1 lb large (21-25 count) shrimp, peeled and de-veined
9 or 10 large plum tomatoes – divided
3 tbsp olive oil
½ tsp red pepper flakes, more of less to taste
1 medium onion, roughly chopped
2 cloves garlic, diced
splash of white wine
3 tbsp fresh parsley, chopped, more for garnish
1 tbsp fresh basil, chopped, more for garnish
½ tbsp marjoram
2 tbsp capers
Bring a large pot of water to boil. While waiting, use a paring knife to cut a small “X” into the bottom of each tomato. Once the water boils, place the scored tomatoes into the water and blanch for 1 to 2 minutes. Remove the tomatoes and place in a bowl of ice water. Once cooled to touch, peel each, beginning at its “X”, before quartering and seeding it. Place aside.

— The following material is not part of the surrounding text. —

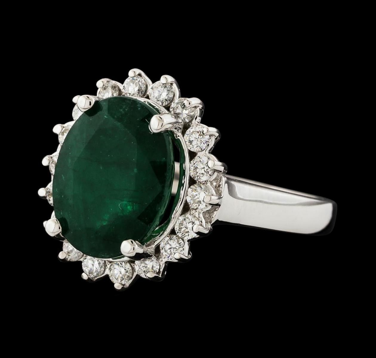 One electronically tested 14KT white gold lady's cast fashion ring with a basket halo with a bright polish finish. The featured lady's ring has a shank measuring 2.14 millimeters wide. Identified with markings of '14K'. Condition is new, good workmanship. Containing: One prong set oval modified mixed cut natural emerald, measuring 11.75 x 9.00 x 6.38mm, (depth est.) 13%. bulge factor, approximate weight of 4.38ct., clarity is heavily included, medium dark, moderately strong, green color, (GIA G 6/4), cut is good. Transmitting light somewhat diffusely, semi-transparent to translucent. Naturally occurring internal & external characteristics are present. Indications of oil residue. Colored gemstones are presumed to have been subjected to commonly used enhancement processes. Graded in the setting. Eighteen prong set round brilliant cut diamonds, measuring 2.00 - 1.90 x 1.17mm (depth est.) approximate total weight of 18 Stones = 0.48ct. Graded in the setting. Clarity VS-2 to SI-1. Color: H - I Cut Good. Total Weight of Colored Stones 4.38ct.. Total Weight of Diamonds 0.48ct.. Total Weight of Ring 5.40gm GAS Appraised.
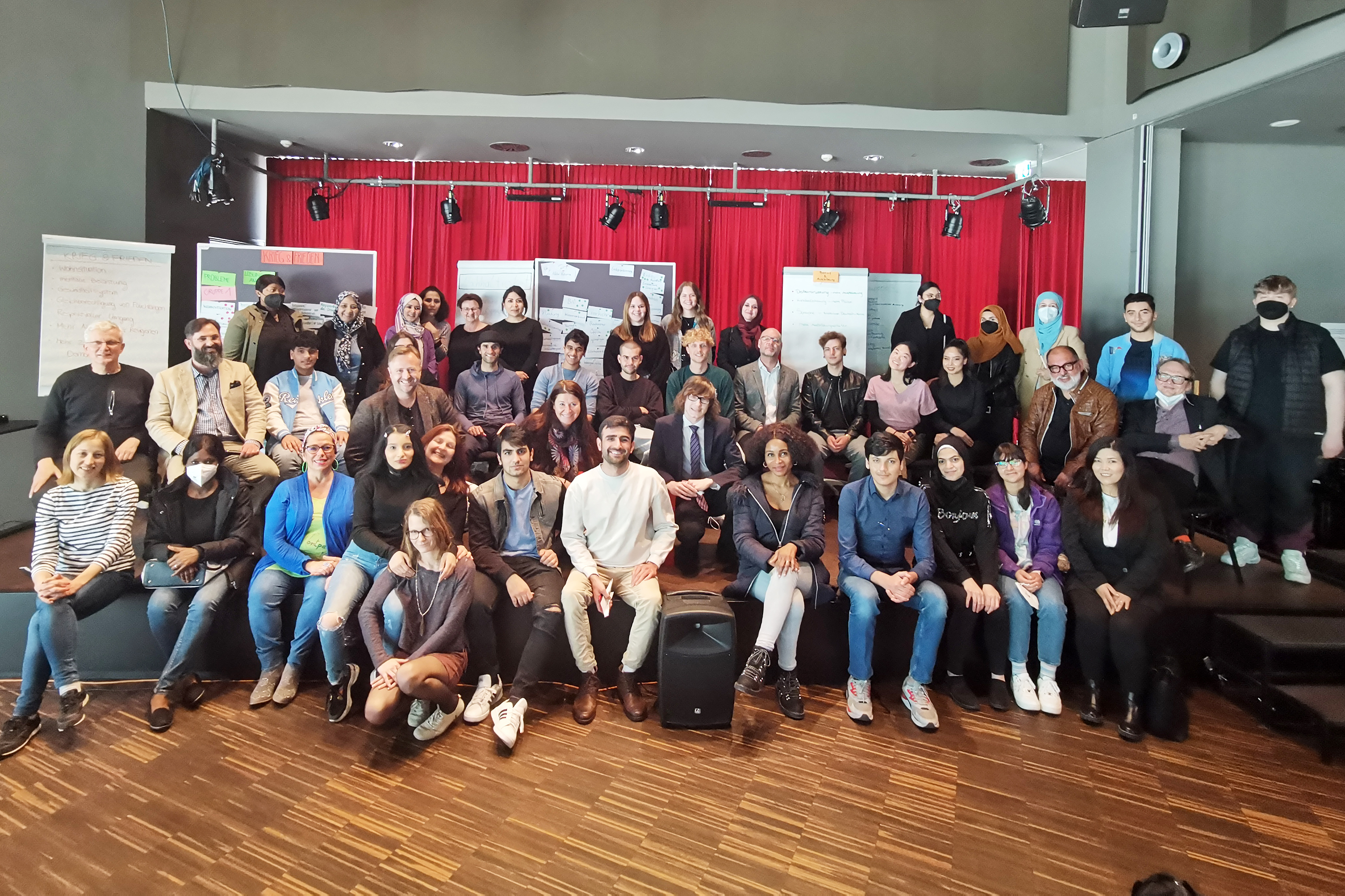 Die Jugendlichen und jungen Erwachsenen sind Teilnehmer*innen von Pflichtschulabschlusskursen und Brückenkursen im Rahmen der Initiative Erwachsenenbildung an den Wiener Volkshochschulen sowie Studierende der Publizistik. Zur Vorbereitung auf das Event wurde ein inhaltlicher Schwerpunkt auf die Europäische Union gelegt. Dabei stand vor allem im Fokus, was die jungen Menschen selbst interessiert, wo sie ihr Leben von der EU berührt sehen oder wo sie Handlungsbedarf identifizieren und sich gerne einbringen würden. Dass die Jugendlichen dabei den Finger auf die europaweit aktuellsten politischen Fragen legten, zeigen die Ergebnisse der europäischen Bürger*innenforen im Rahmen der Konferenz zur Zukunft Europas. Ihre Empfehlungen decken sich großteils mit den von den jungen Teilnehmer*innen gewählten Fragen: Krieg und Frieden, Nachhaltigkeit, Beruf und Ausbildung und Gesundheit waren die vier großen Leitthemen der vorbereitenden Workshops.

Take about ⅔ of the tomatoes and coarsely chop into chunks. Puree the rest of the tomatoes using a food processor, blender, or stick blender.

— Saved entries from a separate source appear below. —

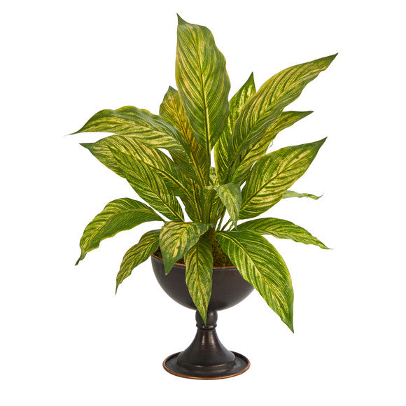 Nearly Natural 17" Musa Leaf Artificial Plant in Metal Chalice
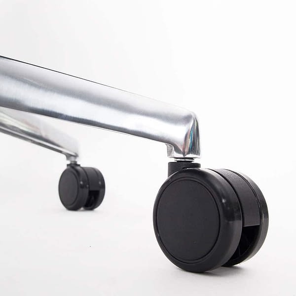 Die Gummierung hat darüber hinaus eine rutschhemmende Wirkung, die sicherstellt, dass der ergonomische Bürostuhl auf den relativ glatten Oberflächen ausreichend Halt hat. Gleichzeitig senkt sie Rollgeräusche und sorgt für eine höhere Laufruhe.
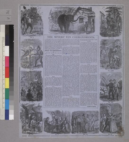 Image of eleven vignettes depicting The Miners' Ten Commandments and an elephant pointing with its trunk to a sign for Ten Commandment [sic] on a cabin. The commandments deal with mining practices, moral issues, and family matters. The vignettes surround the text at the center of the image which describes the commandments. "H. Eastman del."--text, below the first vignette. "Eastman. [Anthony & Baker]."--text, below tenth vignette. "Sun Print, San Francisco. Entered according to Act of Congress, in the year 1853, by James M. Hutchings, in the Clerk's Office of the U.S. District Court for the Northern District of California. Orders, pre paid, addressed "[Box H Placerville, El Dorado Co., Cal."]."--text, below image. Part of the right side of the image has been torn away on the right side. Paper color: blue.
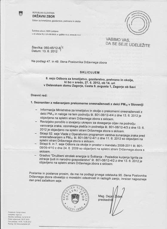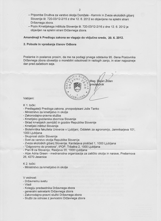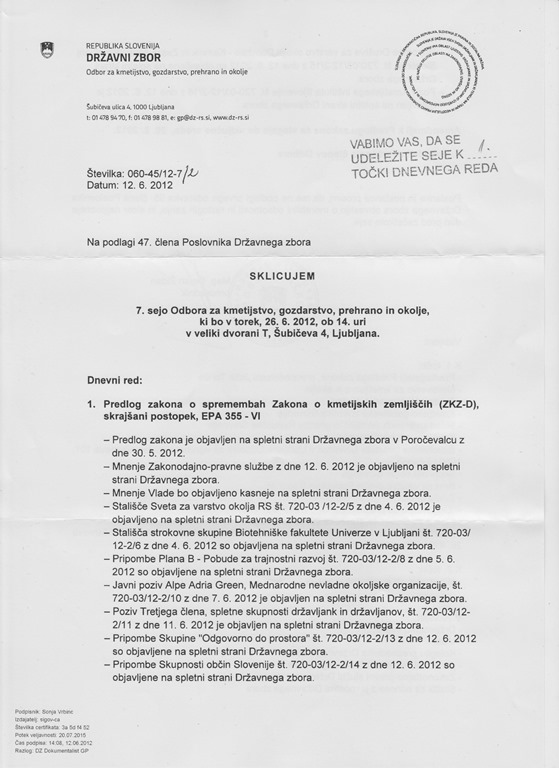 Seji odbora Državnega Zbora RS za kmetijstvo, gozdarstvo, prehrano in okolje, na kateri je vabljena tudi Alpe Adria Green
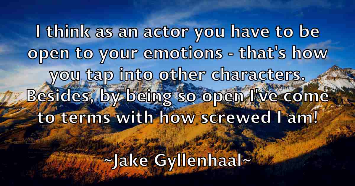 I think as an actor you have to be open to your emotions - that's how you tap into other characters. Besides, by being so open I've come to terms with how screwed I am!
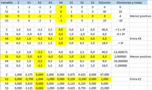 El pivote es la intersección de fila y columna, dividimos la fila entre el pivote en la segunda tabla y ponemos el nombre de la variable de la columna pivote (X4) a la izquierda de la fila en sustitución de la variable de holgura (S2) que había.
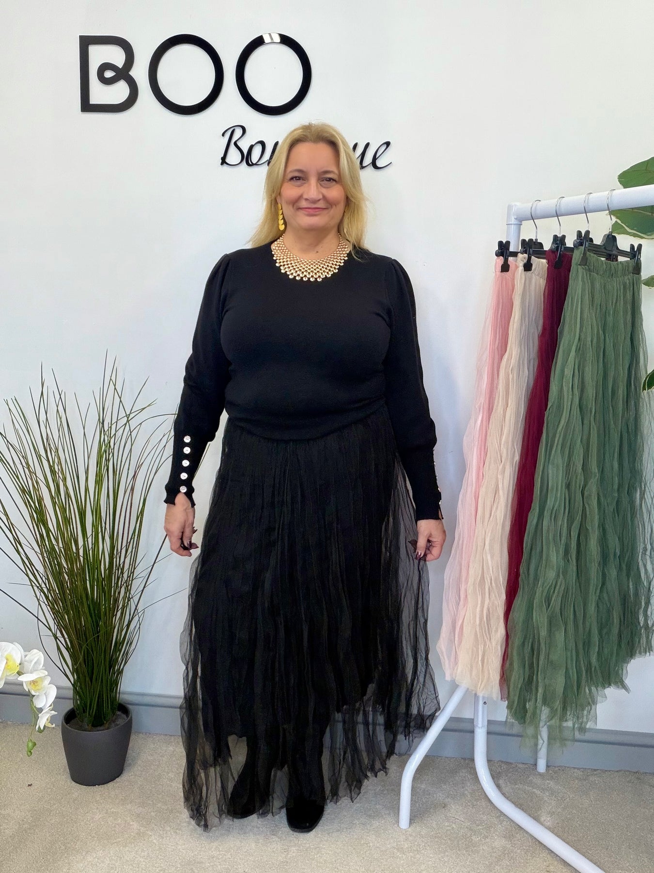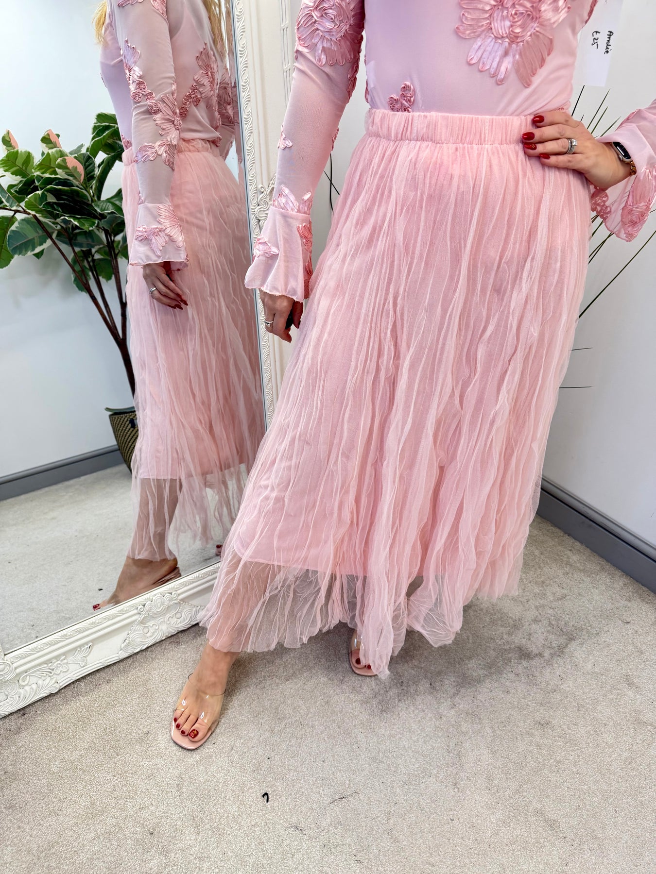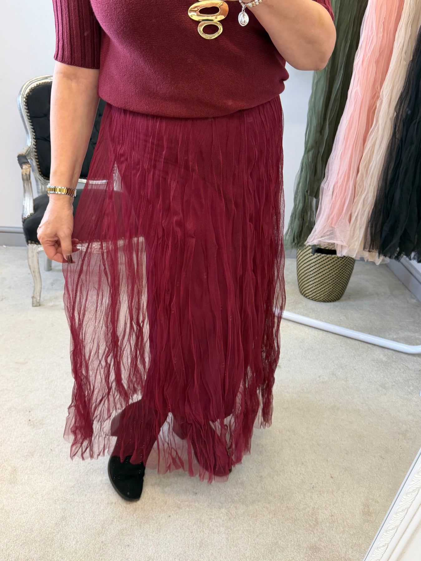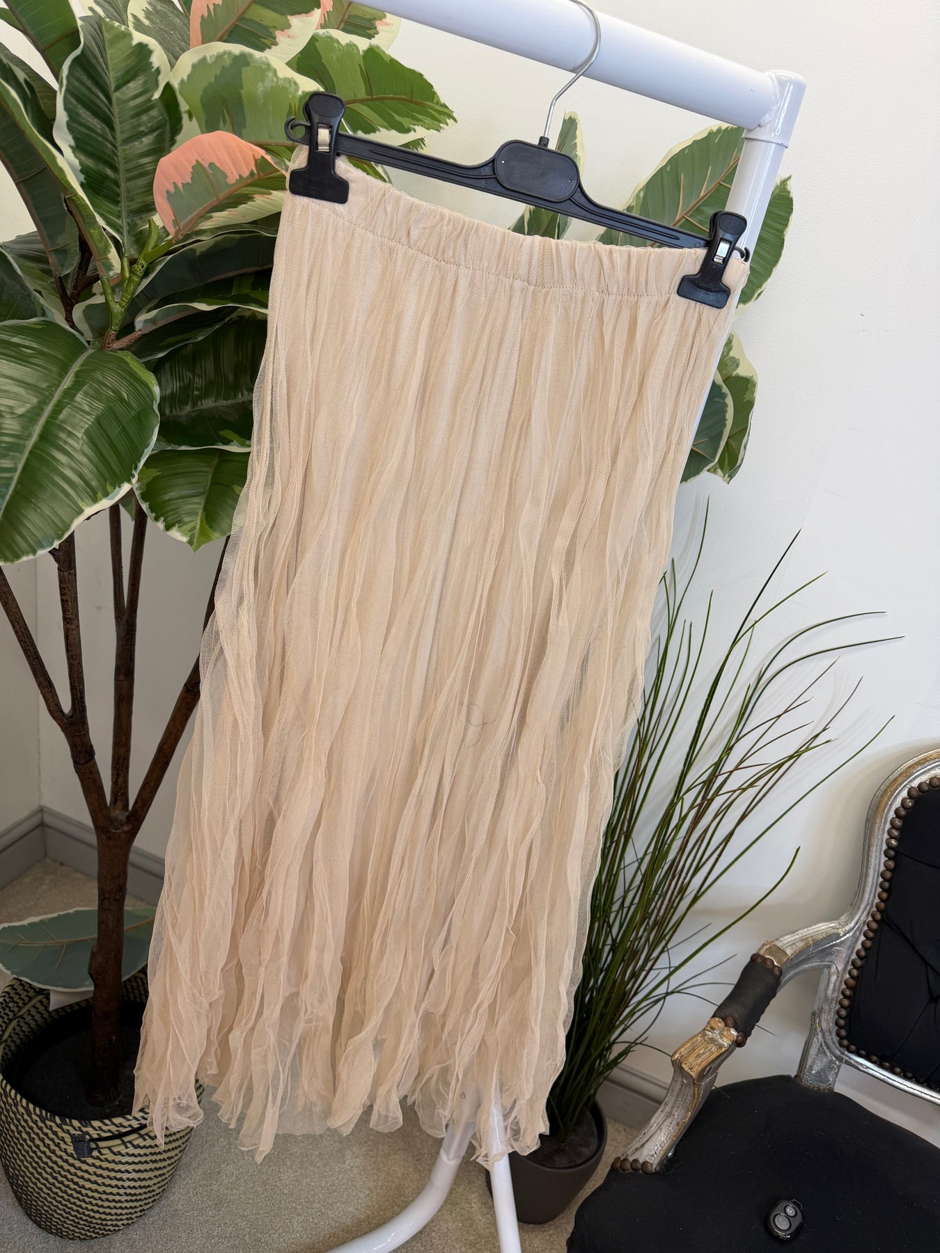 LADIES NET FAIRY MAXI SKIRT - BLACK, BERRY, KHAKI, BEIGE & PINK

Heat the olive oil in a large, deep frying pan over med-high heat. Add the pepper flakes and, after a minute, add the onions. Sauté until translucent.
Add the garlic and continue sautéing for about a minute more. Add a splash of white wine and reduce for a minute or two.
Add all the tomatoes, season with salt & pepper, and maintain a medium simmer.
Begin heating the water for your pasta. The calamarata pasta that I prepared needed 16 minutes to cook. Check your package’s instructions.
When there are 5 minutes to go, add the parsley, basil, & marjoram to the frying pan, stir, and then add the mussels to the sauce and place a cover on the pan.
3 minutes later, add the shrimp and replace the cover.
If you prefer to serve the mussels shelled, see Notes below.
At the 5 minute mark, reserve some pasta water, drain the pasta and add it to the sauce pan. Add the capers and mix to evenly coat the pasta.
Pour the calamarata into a serving bowl, garnish with torn basil & parsley leaves, and serve.
As always, be sure to reserve some pasta water in case your sauce needs it. Be aware, though, that the mussels will give off some flavorful liquid during the cooking process. You may not need as much pasta water as you think.
Once the shrimp have been in the sauce for about a minute, I remove the pan’s cover and begin removing the mussels from their shells. I usually leave a few in the shell just for presentation in the final dish. Once all are removed, it is far easier to stir the sauce to insure the shrimp are evenly cooked on both sides.
I usually drain and add the pasta to the sauce when the shrimp are just shy of being fully cooked. They will finish cooking when mixed with the hot pasta and this will insure that neither shrimp nor mussels are over-cooked and chewy when served.